Posted by Andre Sprenger <an...@getanet.de>.

If you lose RF + 1 nodes the data that is replicated to only these nodes is
gone, good idea to have a recent backup than. Another situation is when you
deploy a bug in the software and start writing crap data to Cassandra.
Replication does not help and depending on the situation you need to
restore the backup.


2013/12/7 Jason Wee <pe...@gmail.com>

> Hmm... cassandra fundamental key features like fault tolerant, durable and
> replication. Just out of curiousity, why would you want to do backup?
>
> /Jason
>
>
> On Sat, Dec 7, 2013 at 3:31 AM, Robert Coli <rc...@eventbrite.com> wrote:
>
>> On Fri, Dec 6, 2013 at 6:41 AM, Amalrik Maia <am...@s1mbi0se.com.br>wrote:
>>
>>> hey guys, I'm trying to take backups of a multi-node cassandra and save
>>> them on S3.
>>> My idea is simply doing ssh to each server and use nodetool to create
>>> the snapshots then push then to S3.
>>>
>>
>> https://github.com/synack/tablesnap
>>
>> So is this approach recommended? my concerns are about inconsistencies
>>> that this approach can lead, since the snapshots are taken one by one and
>>> not in parallel.
>>> Should i worry about it or cassandra finds a way to deal with
>>> inconsistencies when doing a restore?
>>>
>>
>> The backup is as consistent as your cluster is at any given moment, which
>> is "not necessarily". Manual repair brings you closer to consistency, but
>> only on data present when the repair started.
>>
>> =Rob
>>
>
>

Re: help on backup muiltinode cluster

Posted by Hannu Kröger <hk...@gmail.com>.
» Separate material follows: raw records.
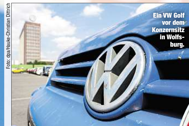
Ein VW Golf vor dem Konzernsitz in Wolfsburg.
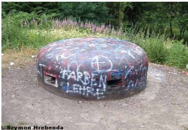
widok kopuły pancерnej

7. Fotografia z opisem wskazującym orientację w stosunku do sąsiednich terenów lub stron świata albo mapa z zaznaczonym stanowiskiem archeologicznym
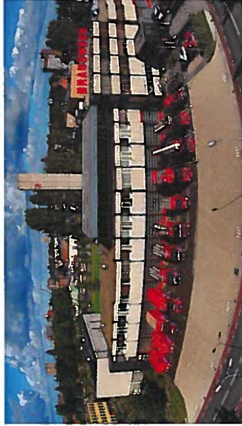
Kazerne aan de Sontweg
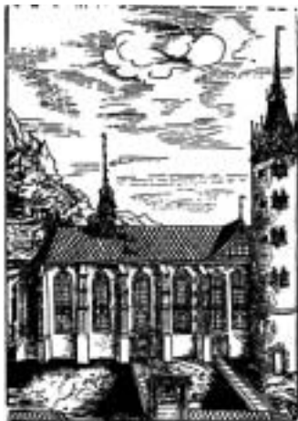
Chrám vo Wittenbergu na dvere ktorého Luther pribil svoje tézy
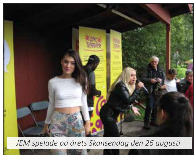
JEM spelade på årets Skansendag den 26 augusti
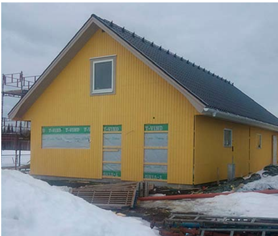
Skellefteås nya klubbstuga under byggnation 10/4 2010.

Hund som överskrider eller underskrider de toleransnivåer, som anges i regelverket vid första invägningen, skall inte meddelas tävlingsförbud förrän veterinären har gjort en veterinärmedicinsk bedömning
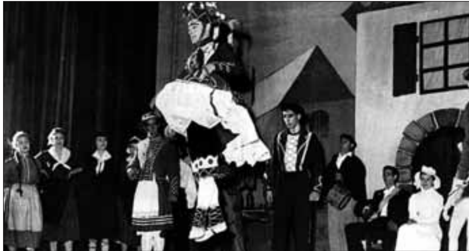
«Orhi pian» ikuskizuna, Miarritzeko udal kasinoan, 1954ko uztailaren 22an
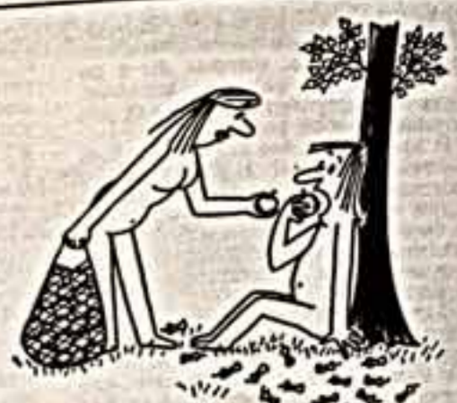
Рисунки В. Владова, М. Вайсборда, А. Белько, М. Оффенгагена, С. Ашмарина, И. Челмодеева.
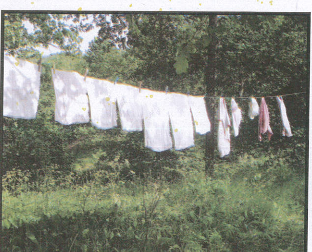
රෙදි විසළාගැනීමට For drying clothes ஆடைகள் உலர்த்துவதற்கு
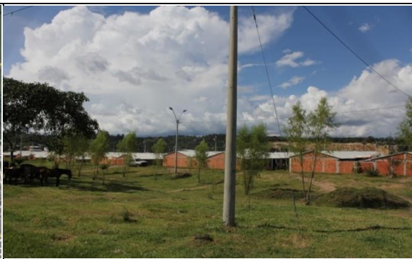
Fotografía 2. Predio donde se ejecutará el proyecto.

Ubicación del Lote: El lote en el cual se desarrollará el proyecto corresponde al predio con matrícula inmobiliaria No. 120-192676 de la Oficina de instrumentos Públicos de Popayán, con área disponible de 7.942 m 2 propiedad del municipio de Popayán y real de intervención de 3.367,00 m 2 .
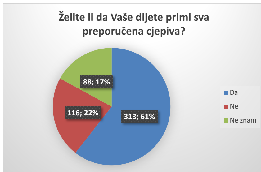
Slika 6. Želja roditelja da dijete primi sva preporučena cjeviva

Pokazalo se da 60,5 % ispitanih roditelja želi da njihovo dijete primi sva preporučena cjeviva, odnosno da 22,4 % roditelja to ne želi, dok je najmanji udio ispitanih roditelja koji ne znaju odgovor na to pitanje, točnije njih 17 % (Slika 6).
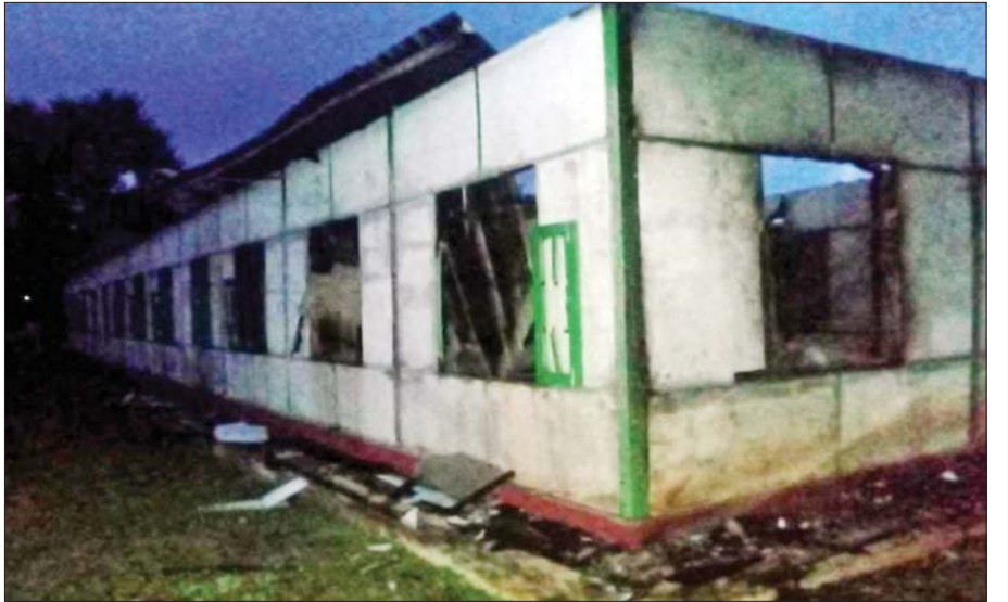
ဒီမိုကရေစီအတွက်ဟု တွင်တွင်ပြောဆိုကာ ချင်းပြည်နယ် ဖလမ်းမြို့နယ် တလန်လိုရပ်ကွက်ရှိ အမှတ်(၅)အခြေခံပညာမူလတန်းကျောင်းနှင့် ကျောက်ပန်းတောင်းမြို့နယ် နတ်ကန်လည်ကျေးရွာ အထက်တန်းကျောင်းတို့အား အကြမ်းဖက်သောင်းကျန်းသူများက မိုင်းထောင်ဖောက်ခွဲမှုများနှင့် မီးရှို့ဖျက်ဆီးမှုများပြုလုပ်စဉ်။
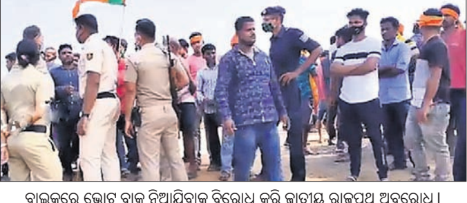
ବାଇକ୍ସରେ ଭୋଟ ବାକ୍ସ ନିଆଯିବାକୁ ବିରୋଧ କରି ଜାତୀୟ ରାଜପଥ ଅବରୋଧ ।

କରିଥିଲେ । ରାସ୍ତାରେକୋ କରିଥିଲେ । ରିଟିଂ କରିବା ଅଭିଯୋଗରେ ତୁରନ୍ତ ଭାଜପା ସମର୍ଥକ ସରପଞ୍ଚ ପ୍ରାର୍ଥୀଙ୍କୁ ଗିରଫ ପାଇଁ ଦାବି କରିଥିଲେ । ୪୮ ଘଣ୍ଟା ମଧ୍ୟରେ ଆକ୍ରମଣକାରୀଙ୍କୁ ଗିରଫ କରାଯିବ ବୋଲି ପୋଲିସ ପ୍ରତିଶ୍ରୁତି ଦେବା ପରେ ରାତିରେ ରାସ୍ତାରେକୋ ହଟିଥିଲା । ସେହିଭଳି ଭଜସାହି, ବମକୁରା, କାଶିମପୁରରେ ଭୋଟ ଗ୍ରହଣ କେନ୍ଦ୍ର ବାହାରେ ମାର୍ଯ୍ୟ ହେଇଛି । ଧୂସରୀ ଓ ଧାମନଗର ଧାନା ପକ୍ଷରୁ ୧୧ ପ୍ଲାଟୁନ ଫୋର୍ସ ମୁତୟନ କରାଯାଇଛି । ରିପୋର୍ଟ ଲେଖା ହେବା ସୁଦ୍ଧା ଏହିସବୁ ବିଜେଡି ସମର୍ଥକମାନେ ଧାମନଗର ଧାନା

One typical reason is to protect against human error. 

> On 7.12.2013, at 11.09, Jason Wee <pe...@gmail.com> wrote:
> 
> Hmm... cassandra fundamental key features like fault tolerant, durable and replication. Just out of curiousity, why would you want to do backup?
> 
> /Jason
> 
> 
>> On Sat, Dec 7, 2013 at 3:31 AM, Robert Coli <rc...@eventbrite.com> wrote:
>>> On Fri, Dec 6, 2013 at 6:41 AM, Amalrik Maia <am...@s1mbi0se.com.br> wrote:
>>> hey guys, I'm trying to take backups of a multi-node cassandra and save them on S3. 
>>> My idea is simply doing ssh to each server and use nodetool to create the snapshots then push then to S3. 
>> 
>> https://github.com/synack/tablesnap
>> 
>>> So is this approach recommended? my concerns are about inconsistencies that this approach can lead, since the snapshots are taken one by one and not in parallel.  
>>> Should i worry about it or cassandra finds a way to deal with inconsistencies when doing a restore?
>> 
>> The backup is as consistent as your cluster is at any given moment, which is "not necessarily". Manual repair brings you closer to consistency, but only on data present when the repair started.
>> 
>> =Rob 
>

Re: help on backup muiltinode cluster

Posted by Ray Sutton <ra...@gmail.com>.

I have not use tablesnap but it appears that it does not necessarily depend
upon taking a cassandra snapshot. The example given in their documentation
shows the source folder as /var/lib/cassandra/data/GiantKeyspace, which is
the root of the "GiantKeyspace" keyspace. But, snapshots operate at the
column-family level and are stored in a sub directory structure for each
column family. For example, if we have 2 column families in GiantKeyspace,
called cf1 and cf2, the snapshots would be located in
/var/lib/cassandra/data/GiantKeyspace/cf1/snapshots/snapshot_id/ and
var/lib/cassandra/data/GiantKeyspace/cf2/snapshots/snapshot_id/, where
snapshot_id is some unique identifier for that snapshot. Unless tablesnap
will detect changes in subfolders, I don't know how you will tell tablesnap
the name of the actual snapshot folder before the snapshot is taken. I
think tablesnap's premise is that since a snapshot is a simply a hard link
to an existing sstable file and sstables are immutable, it will
simply operate on the original sstable, no need for making a snapshot.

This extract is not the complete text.